In the passage just before the one from Isaiah we just heard, God, speaking through Isaiah, tells us that His divine thoughts are not like our human thoughts, and His ways are not like our ways. Heaven, imagined as God’s abode, is high above earth. Just like that, God’s purpose and actions, His “ways” are higher than ours. That means they are so much better that they redefine the meaning of the word “better.” And if you want an example, consider that the Son of God emptied Himself of His glory to take on human nature—yours and mine—and not only to show us Himself as the best version of humanness, but to die in our stead so that we could be raised to divine status. As Pope Benedict taught, God loved us to His own detriment, subjecting His all-holy divinity to buffeting, spitting and unjust murder. That was all to our good, so that in Him, and with Him, we could rise and ascend to the highest state, union with the Trinity forever.
As King David said in today’s psalm, “when the righteous cry for help, the LORD hears and delivers them out of all their troubles.” When we are broken-hearted, He can heal us with the mercy from His Sacred Heart.

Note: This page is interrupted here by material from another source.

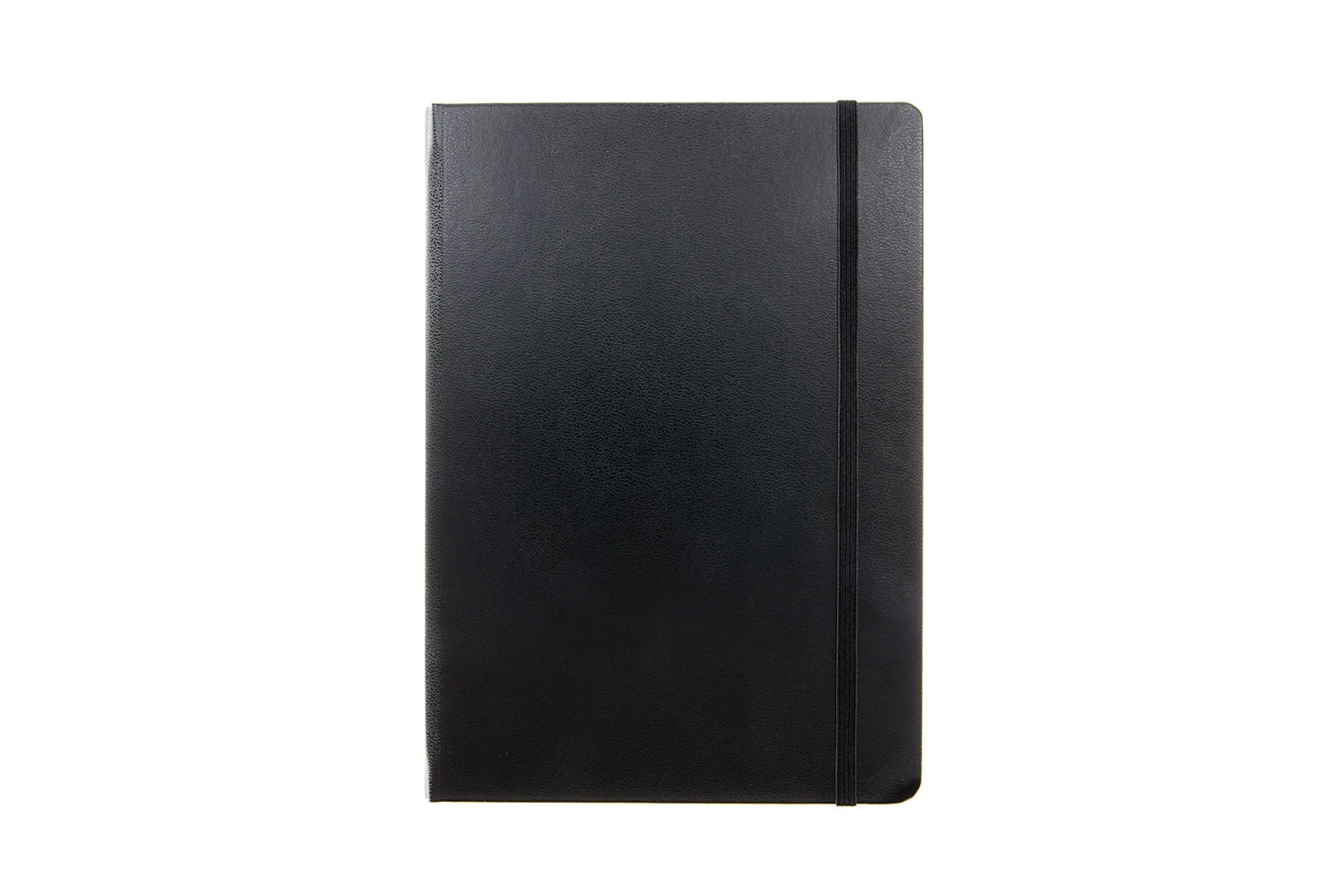 This medium A5-sized black Leuchtturm1917 hardcover notebook is equally suited for the desk and for use on the move. It contains 249 numbered pages (125 sheets) of 5mm dot grid 80g ivory paper. Features include an expandable pocket, a blank table of contents, two ribbon page markers, elastic band fastener, stickers for labeling/archiving, and it opens flat.

Thus, when the disciples asked the Lord Jesus how they should pray, He taught them the prayer we know as the “Lord’s prayer” or the “Our Father.” This prayer is a crucial component of the forgiveness given by God for our sins. Our biggest fear as unredeemed humans is the fear of death, and Jesus wants to relieve all of us of that fear. Being incorporated into His mystical Body through faith and the sacraments makes that happen, because Jesus’s death and resurrection and ascension is ours. There’s a catch, however, and that’s easy to read but not so easy to live. We must forgive anyone who has offended us: “if you forgive men their trespasses, your heavenly Father also will forgive you; but if you do not forgive men their trespasses, neither will your Father forgive your trespasses.”
Praised be God. He will always give us the grace to accomplish anything He requires. The gift of forgiveness, even of our enemies, is ours for the asking.
Let me suggest an approach: take a forgiveness tour in your mind, and as far as possible, to the faces of those who have hurt you in some way. Start off with the easiest person, maybe somebody who hurt you just a little. Day by day, whittle that list until you get to the ones who have really injured you, maybe even physically, but certainly in your heart. Ask Christ for the grace to do it, and make the list disappear.
One last thing to remember. You recall every hurt; that is a function of your sensitivity. The injuring party very likely won’t remember doing anything to you. So if all you can do is mentally imagine them before you, go ahead and say quietly, “I forgive you.” That can only do good for your soul and then thank God for the grace you received.